[Your task] With the material below, print exactly the lines between the line holding "StyleGods Denim Crop" and the line holding "그런데 분명 한글 두글자로", inclusive. Add nothing else.

- - -

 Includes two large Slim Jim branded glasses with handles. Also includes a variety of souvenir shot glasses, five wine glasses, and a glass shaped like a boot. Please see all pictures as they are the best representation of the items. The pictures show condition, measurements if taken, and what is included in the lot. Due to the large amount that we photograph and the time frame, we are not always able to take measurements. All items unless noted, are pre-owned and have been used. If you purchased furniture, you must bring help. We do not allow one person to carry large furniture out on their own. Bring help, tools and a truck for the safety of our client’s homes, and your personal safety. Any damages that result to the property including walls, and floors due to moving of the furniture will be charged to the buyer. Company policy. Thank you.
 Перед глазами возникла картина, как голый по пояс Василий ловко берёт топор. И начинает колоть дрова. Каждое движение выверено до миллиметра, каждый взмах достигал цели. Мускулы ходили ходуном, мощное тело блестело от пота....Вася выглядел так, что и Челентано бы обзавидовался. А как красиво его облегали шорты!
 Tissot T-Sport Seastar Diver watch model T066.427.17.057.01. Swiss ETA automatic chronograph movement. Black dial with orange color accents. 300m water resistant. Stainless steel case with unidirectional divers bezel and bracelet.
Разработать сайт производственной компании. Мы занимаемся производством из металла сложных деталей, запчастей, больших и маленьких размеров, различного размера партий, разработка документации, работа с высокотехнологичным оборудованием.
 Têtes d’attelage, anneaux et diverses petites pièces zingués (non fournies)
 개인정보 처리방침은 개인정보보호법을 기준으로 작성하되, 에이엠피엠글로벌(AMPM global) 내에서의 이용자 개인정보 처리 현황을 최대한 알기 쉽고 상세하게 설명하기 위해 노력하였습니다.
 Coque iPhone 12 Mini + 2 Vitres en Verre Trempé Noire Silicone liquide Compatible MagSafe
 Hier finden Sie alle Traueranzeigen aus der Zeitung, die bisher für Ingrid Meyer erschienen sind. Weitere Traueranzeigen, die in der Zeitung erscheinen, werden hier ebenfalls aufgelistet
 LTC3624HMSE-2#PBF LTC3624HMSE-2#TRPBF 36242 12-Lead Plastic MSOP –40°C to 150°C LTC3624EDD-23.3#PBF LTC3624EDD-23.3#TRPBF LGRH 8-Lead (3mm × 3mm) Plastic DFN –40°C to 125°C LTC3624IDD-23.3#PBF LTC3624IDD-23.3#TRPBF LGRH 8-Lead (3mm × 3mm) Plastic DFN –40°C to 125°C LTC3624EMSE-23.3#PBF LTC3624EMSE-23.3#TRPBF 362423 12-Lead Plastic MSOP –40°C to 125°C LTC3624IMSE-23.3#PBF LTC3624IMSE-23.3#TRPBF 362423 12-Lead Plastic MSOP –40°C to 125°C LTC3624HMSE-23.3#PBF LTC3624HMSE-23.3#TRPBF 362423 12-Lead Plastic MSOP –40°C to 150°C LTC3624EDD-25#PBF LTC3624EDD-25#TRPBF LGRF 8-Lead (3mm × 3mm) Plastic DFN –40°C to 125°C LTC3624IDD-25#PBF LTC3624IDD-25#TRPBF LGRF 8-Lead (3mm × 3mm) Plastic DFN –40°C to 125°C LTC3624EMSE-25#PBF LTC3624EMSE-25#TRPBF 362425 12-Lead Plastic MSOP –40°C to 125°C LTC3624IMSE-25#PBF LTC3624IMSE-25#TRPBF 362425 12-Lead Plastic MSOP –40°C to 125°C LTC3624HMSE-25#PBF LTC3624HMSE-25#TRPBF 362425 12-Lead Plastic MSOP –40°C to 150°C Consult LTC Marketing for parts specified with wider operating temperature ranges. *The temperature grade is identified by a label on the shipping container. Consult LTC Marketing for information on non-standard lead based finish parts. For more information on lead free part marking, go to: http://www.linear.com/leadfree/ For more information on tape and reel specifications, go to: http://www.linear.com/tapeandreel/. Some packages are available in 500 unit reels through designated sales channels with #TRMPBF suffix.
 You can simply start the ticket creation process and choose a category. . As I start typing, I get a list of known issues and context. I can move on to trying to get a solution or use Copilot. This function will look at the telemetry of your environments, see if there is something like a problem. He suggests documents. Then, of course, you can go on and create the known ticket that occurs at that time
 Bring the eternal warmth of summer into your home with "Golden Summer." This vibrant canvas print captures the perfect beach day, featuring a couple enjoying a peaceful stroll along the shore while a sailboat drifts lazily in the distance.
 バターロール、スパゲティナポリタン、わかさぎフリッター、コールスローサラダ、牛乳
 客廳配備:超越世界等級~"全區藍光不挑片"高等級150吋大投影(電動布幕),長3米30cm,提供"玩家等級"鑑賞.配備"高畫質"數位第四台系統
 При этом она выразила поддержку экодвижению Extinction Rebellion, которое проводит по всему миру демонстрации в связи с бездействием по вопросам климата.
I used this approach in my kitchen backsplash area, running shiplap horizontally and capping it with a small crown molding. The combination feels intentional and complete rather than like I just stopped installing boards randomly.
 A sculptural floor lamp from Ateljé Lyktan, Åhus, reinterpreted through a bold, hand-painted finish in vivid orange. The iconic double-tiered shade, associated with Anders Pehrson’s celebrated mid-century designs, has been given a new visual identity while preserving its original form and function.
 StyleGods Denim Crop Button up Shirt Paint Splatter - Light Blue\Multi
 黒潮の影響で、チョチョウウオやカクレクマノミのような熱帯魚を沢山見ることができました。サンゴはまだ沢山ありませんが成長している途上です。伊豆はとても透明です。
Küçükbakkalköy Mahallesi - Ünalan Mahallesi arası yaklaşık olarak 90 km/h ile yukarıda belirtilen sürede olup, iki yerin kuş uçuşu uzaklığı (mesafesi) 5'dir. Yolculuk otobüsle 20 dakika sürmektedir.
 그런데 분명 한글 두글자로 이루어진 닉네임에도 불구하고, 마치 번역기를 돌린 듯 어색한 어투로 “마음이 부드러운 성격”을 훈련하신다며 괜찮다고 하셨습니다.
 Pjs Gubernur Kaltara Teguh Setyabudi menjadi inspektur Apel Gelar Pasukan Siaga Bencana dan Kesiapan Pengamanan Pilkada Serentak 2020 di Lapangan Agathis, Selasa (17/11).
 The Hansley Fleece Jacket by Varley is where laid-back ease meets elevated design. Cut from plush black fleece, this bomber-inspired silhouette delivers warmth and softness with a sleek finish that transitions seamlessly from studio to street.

- - -

[Exercise result]
 StyleGods Denim Crop Button up Shirt Paint Splatter - Light Blue\Multi
 黒潮の影響で、チョチョウウオやカクレクマノミのような熱帯魚を沢山見ることができました。サンゴはまだ沢山ありませんが成長している途上です。伊豆はとても透明です。
Küçükbakkalköy Mahallesi - Ünalan Mahallesi arası yaklaşık olarak 90 km/h ile yukarıda belirtilen sürede olup, iki yerin kuş uçuşu uzaklığı (mesafesi) 5'dir. Yolculuk otobüsle 20 dakika sürmektedir.
 그런데 분명 한글 두글자로 이루어진 닉네임에도 불구하고, 마치 번역기를 돌린 듯 어색한 어투로 “마음이 부드러운 성격”을 훈련하신다며 괜찮다고 하셨습니다.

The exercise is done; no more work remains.